What we have learned since then about how this happened is not much.

What other TV stations and news organizations have learned about now to not let this happen to them may be a lot more.

Here's the latest rundown of what we know and what we don't know:

We know that KTVU has apologized for the error.

We know that KTVU says that no one actually said the fake names out loud before they made it to air.

We know that anyone with a working knowledge of a television newsroom does not understand how NO ONE could have said those names out loud beforehand, especially since the station says it called the NTSB for confirmation.

We know that the NTSB sacked a summer intern who it said was just trying to be helpful when he overstepped his bounds and "confirmed" the fake names.

We know that Cox, the company that owns KTVU, has ordered an internal investigation into what happened. The investigation has reportedly concluded, but we don't know if anyone at KTVU has been fired or otherwise punished.

There's now WORD that KTVU is trying to get clips of the broadcast removed from YouTube.

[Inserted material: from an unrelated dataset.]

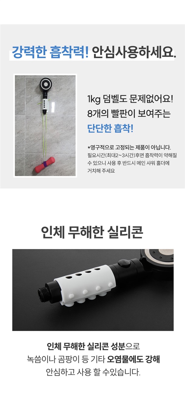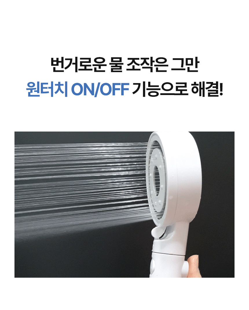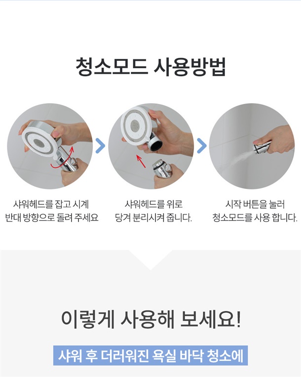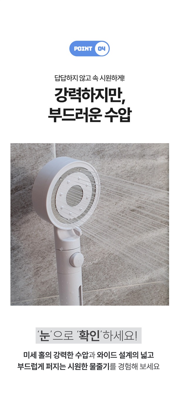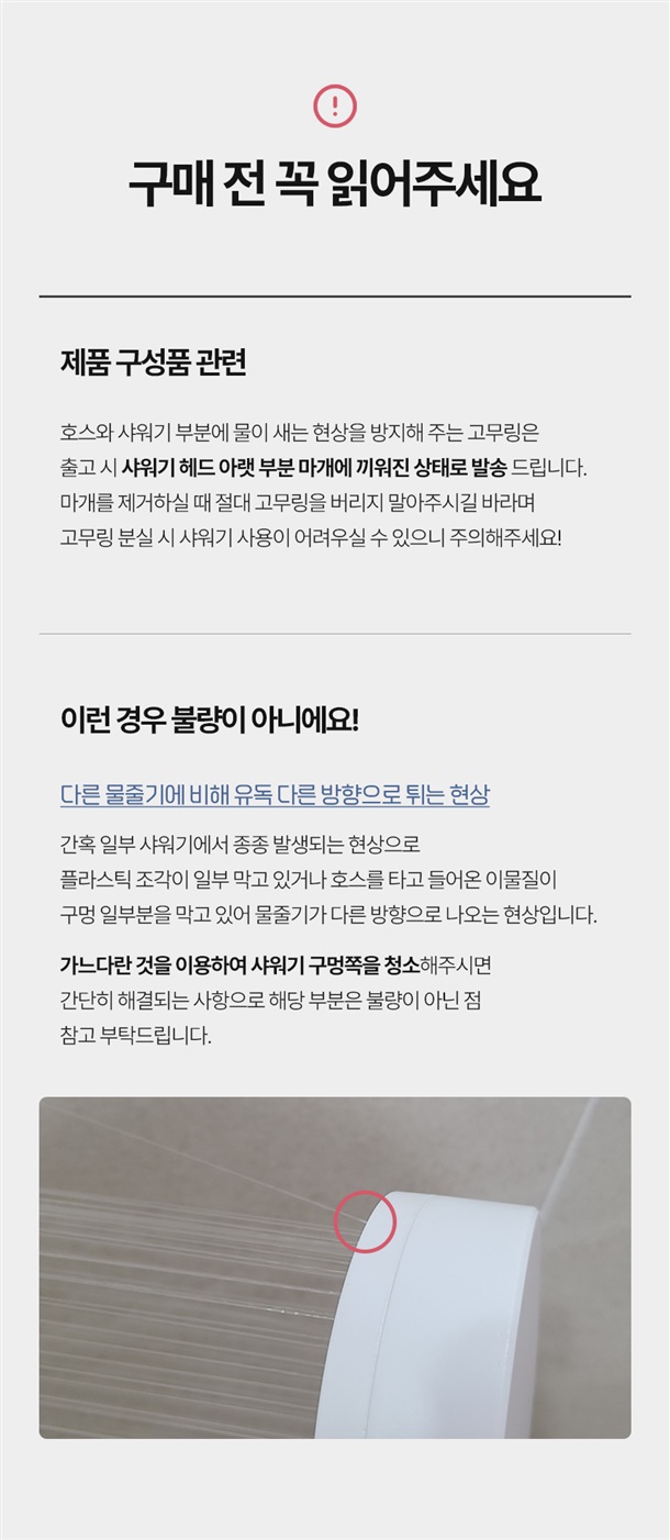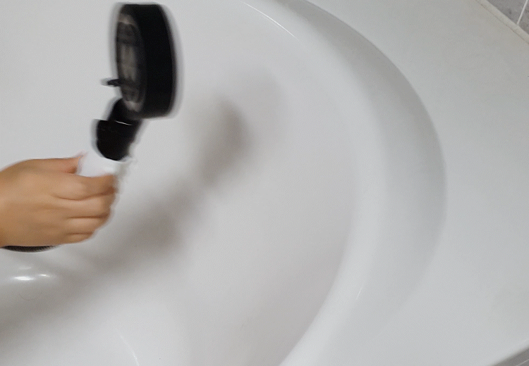 - 샤워기 구멍쪽을 청소하면 해결 (불량X)

Good luck with that.

But, I think that what we DON'T know is way more interesting.

We don't know where the information came from. There have been reports that the fake names came from a "trusted" source; there's been speculation that someone at a competing news organization - or even a current or former KTVU staffer - could have provided the names. We don't know because KTVU hasn't said.

We don't know how the fake names came into the newsroom or who first handled the information. Did someone make a phone call? If so, who answered the phone? Were the names sent by email? If so, who got the email? Were the names faxed? Maybe texted? Who saw them first? We don't know because KTVU hasn't said.

Once the fake names were introduced to the station, what happened? What did the person who first got the names do next? We know that, at some point, someone called the NTSB. We know that, at some point, someone put the names onto a fullscreen graphic. We know that, at some point, someone wrote a script for the anchor to read. But, exactly how did the names get from source to screen? How many people "touched" this story before it made air? We don't know because KTVU hasn't said.

We don't know what the intern at the NTSB was thinking when he "confirmed" names that a) he had no business confirming; and b) he couldn't possibly know were right. Just what did KTVU say when he answered the phone? Just what did he say? We don't know because neither he, the NTSB, nor KTVU has said.

We don't know how these fake names could have possibly made it to air without anyone saying them out loud and/or hearing them said out loud. That's basically what KTVU is asking us to believe, but we don't know how that happened because KTVU hasn't said.

KTVU may have apologized, but an apology falls far short of explaining exactly how this happened.

If there's any good to come of this, it's that many other news organizations are reviewing their own policies and procedures to make sure that what happened to KTVU doesn't happen to them.